Come sei arrivata in Cina?

«Nel 2010, a marzo precisamente, stavo guardando un telefilm cinese (non chiedetemi perché, sarebbe una storia troppo lunga da raccontare) e sono rimasta affascinata dai luoghi, dalle persone e dalle dinamiche. Alla fine della puntata sono andata in cucina, ho guardato i miei genitori e ho detto loro: “Sapete che vi dico? Me ne vado in Cina”. E una settimana dopo mi trovavo a Pechino. Ho cercato un lavoro part time in un giornale locale (in lingua inglese) e, teoricamente, sarei dovuta rimanere solo tre mesi. Contemporaneamente, però, a Shanghai era cominciato l’Expo, così il giornale decise di mandarmi in trasferta a Shanghai. È stato amore a prima vista. Sono tornata a Pechino, ho fatto le valigie per tornare in Italia solo per fare dei bagagli più grandi e trasferirmi a Shanghai. Da quel giorno non sono più andata via».

Di cosa ti occupi a Shanghai?

«Inizialmente ho collaborato per diverse testate giornalistiche italiane e straniere, da Glamour a Lei di Rds, passando per Business China. Purtroppo però questi lavori occupavano solo la metà della mia giornata, lasciando l’altra metà completamente libera. La Cina corre, velocissima, stare con le mani in mano per uno straniero in Cina significa perdere tempo prezioso. Così ho cominciato a fare consulenze come addetto stampa. Alla fine, assieme ai milanesi Mattia Visconti e Marco Bettio, ho aperto, quasi 3 anni fa, la mia agenzia di ufficio stampa e marketing, Social Cloud (www.socialcloudchina.com) . Il nostro focus è l’enogastronomia e la moda, ma bazzichiamo anche tra l’arte e il cinema. La maggior parte dei miei clienti sono cinesi o stranieri, pochissimi italiani. Purtroppo il mestiere dell’ufficio stampa e del marketing è incredibilmente sottovalutato dagli italiani, sia in Italia che all’estero.
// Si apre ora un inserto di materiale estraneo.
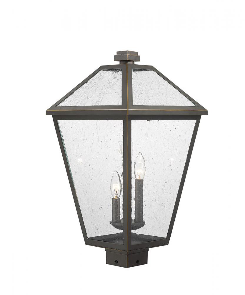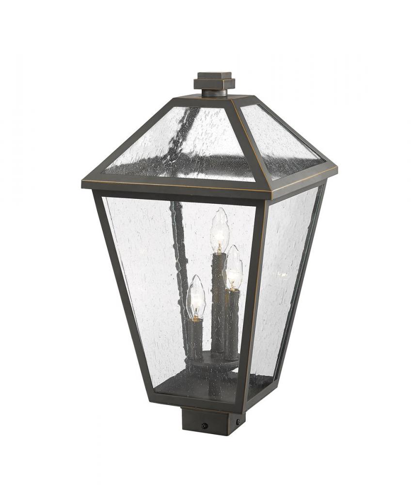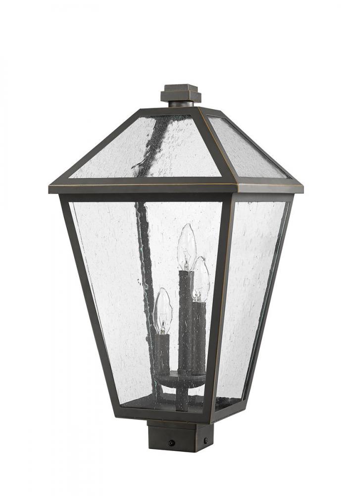 Light up an exterior front or back walkway with a classic fixture reflecting a charming village theme. Made from Rubbed Bronze metal and seedy glass panels, this three-light outdoor post mount fixture delivers a fresh upgrade with a square post mount and an artistic industrial-inspired aesthetic.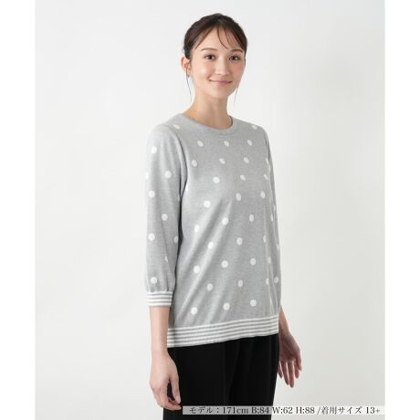 大粒のドットが愛らしくも品よく映えるクルーネックニット。シンプルなデザインに遊び心を添え、コーディネートに程よいアクセントをプラス。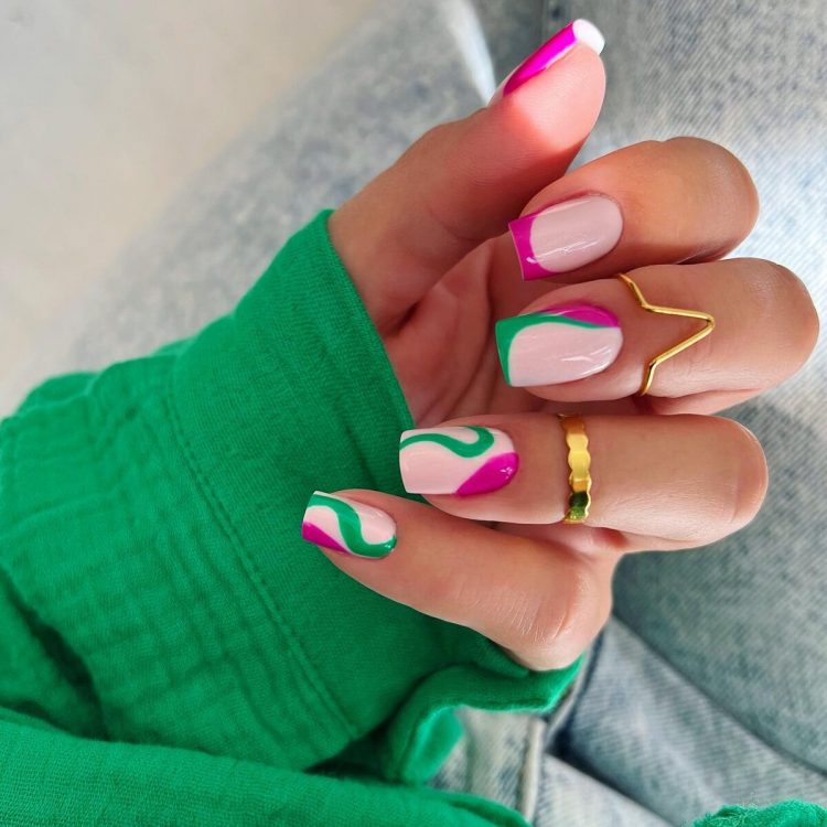 Рожевий і зелений – одне з найефектніших поєднань кольорів, і цей манікюр служить черговим доказом даного твердження. Він абсолютно точно приверне увагу оточуючих, куди б ви не пішли.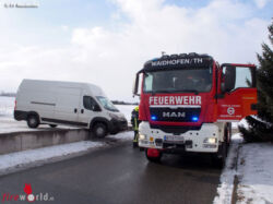 WAIDHOFEN AN DER THAYA (NÖ): hp P1050004Nachdem ein Lieferwagen führerlos über einen Parkplatz gerollt und auf einem Betonsockel hängen blieb, wurde um 12:10 Uhr des 5. Jänner 2017 die Feuerwehr Waidhofen/Thaya zur Bergung in die ÖAMTC-Straße alarmiert.
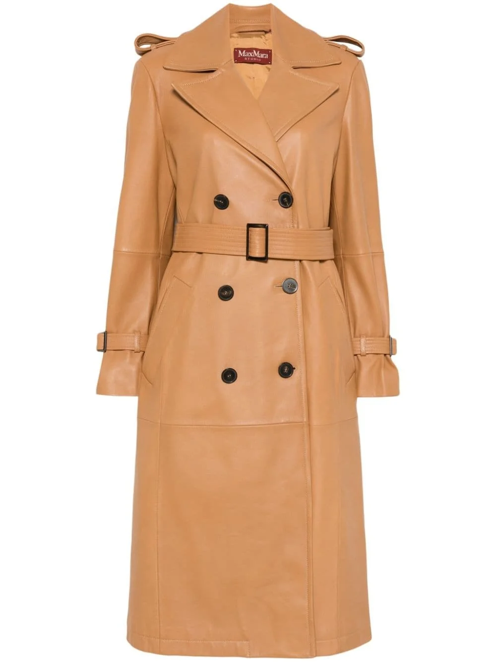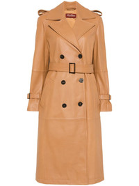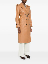 Magiaro coat Highlights - Cognac brown - Lambskin - Smooth grain - Panelled design - Double-breasted button fastening - Wide notch lapels - Epaulettes - Shoulder pads - Long sleeves - Belted cuffs - Detachable waist belt - Two side welt pockets - Central rear vent - Satin lining - Straight hem - Mid-length Imported Composition Outer: Lamb Skin 100% Lining: Polyester 100% SIZE & FIT Model measurements Height 5 ft 10 in(1.78 m) Bust/Chest 31.49 in(80 cm) Hips 37 in(94 cm) Waist 23.62 in(60 cm) FittingInformation Designed to be unstructured, offering a loose fit throughout The belt offers adjustability for fitted preferences Soft leather has a supple and smooth construction offering some flexibility Washing instructions Specialist Cleaning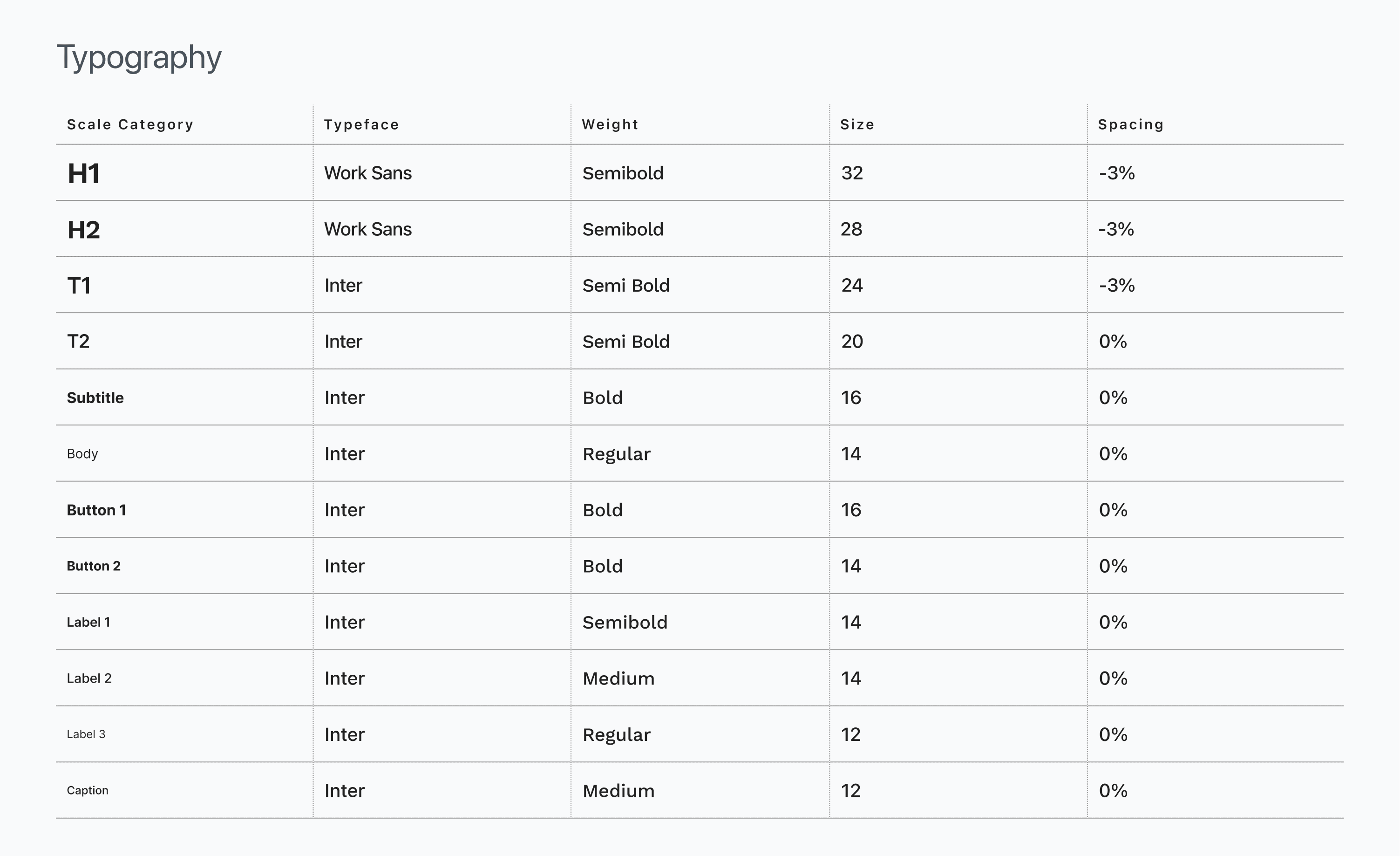 Work Sans is used for headers and expressive moments, ideal for quick readability. To contrast, I used Inter that's versatile for body text and product copy which seamlessly fits into the design.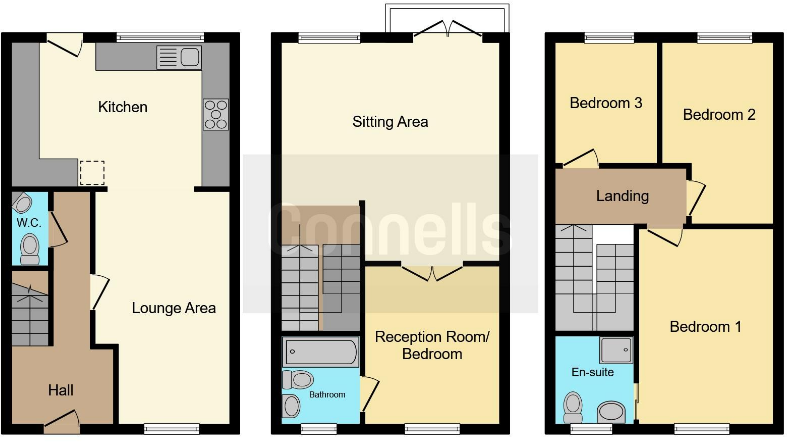 Normally the downstairs study and bedroom would be the bathroom and small kitchen, then one large master bedroom upstairs and two smaller ones. It's a pretty standard layout for lots of 3 bed terraces that were built around that time. The original back wall would be where the front wall of the lobby is now ( often a lean to sort of extension on the back )0 -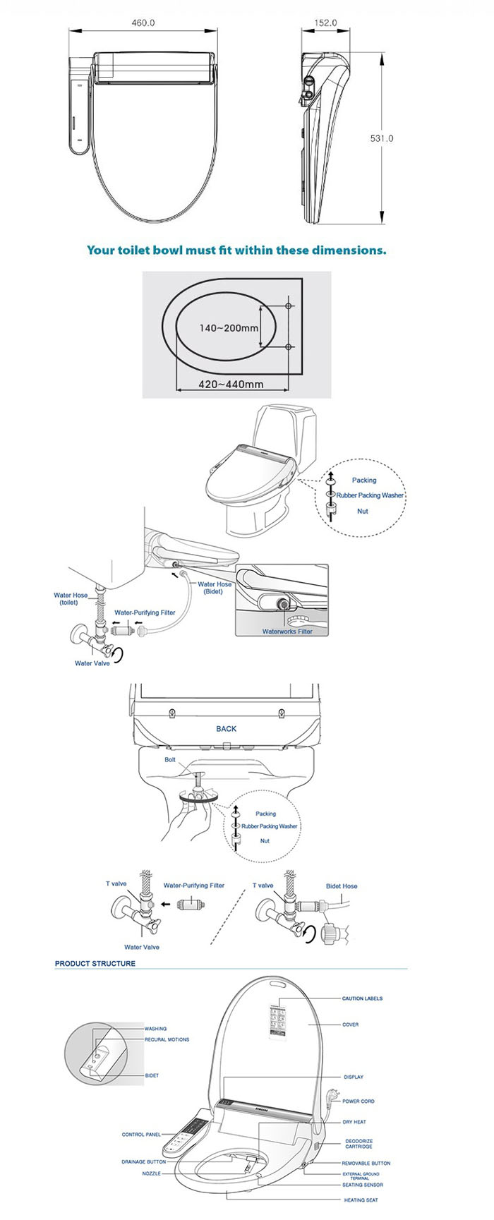 サムスンSBD-935Sデジタルトイレビデウォシュレット便座暖かい風4レベル温水220V&インストールする方法についての簡単な英語のマニュアル

Il nostro lavoro dagli italiani è spesso visto come quello di un rappresentante».

Cosa significa vivere dall’altra parte del mondo?

«La Cina è un Paese strano, pieno di contraddizioni. La percezione della Cina che arriva nei Paesi stranieri è completamente diversa da ciò che la Cina è realmente. Qualche mese fa ho tenuto una conferenza a Milano e una a Catania sul marketing e la comunicazione in Cina. Ho cominciato la presentazione con due slide molto provocatorie, come la gente percepisce la Cina e come è veramente la Cina. Nella prima parte ci stavano foto di cinesi in campagna con le ciotole di riso, tutti vestiti di rosso, negozi da 50 centesimi. La seconda pagina conteneva un video, su Shanghai. Il pubblico è rimasto sconvolto. Grattacieli, superstrade, alta velocità, applicazioni mai viste in Italia, luci, colori, velocità. Tecnologicamente e comunicativamente parlando, i cinesi sono più o meno 50 anni più avanti del resto del mondo. Per essere più chiari, vi racconto un aneddoto di qualche settimana fa. Mi trovavo a New York per lavoro, il tassista che mi stava portando dall’aeroporto all’hotel mi ha chiesto come fosse il mio impatto con la sua città. Era la mia prima volta a New York, nel mio immaginario (quello diciamo dei film e dei telefilm…) questa città era enorme, incredibilmente grande. La mia fantasia ha poi fatto i conti con la realtà di una che vive in una città da 26 milioni di abitanti (registrati) con grattacieli di più di 100 piani. La mia risposta al tassista è stata una sola parola: “piccola”».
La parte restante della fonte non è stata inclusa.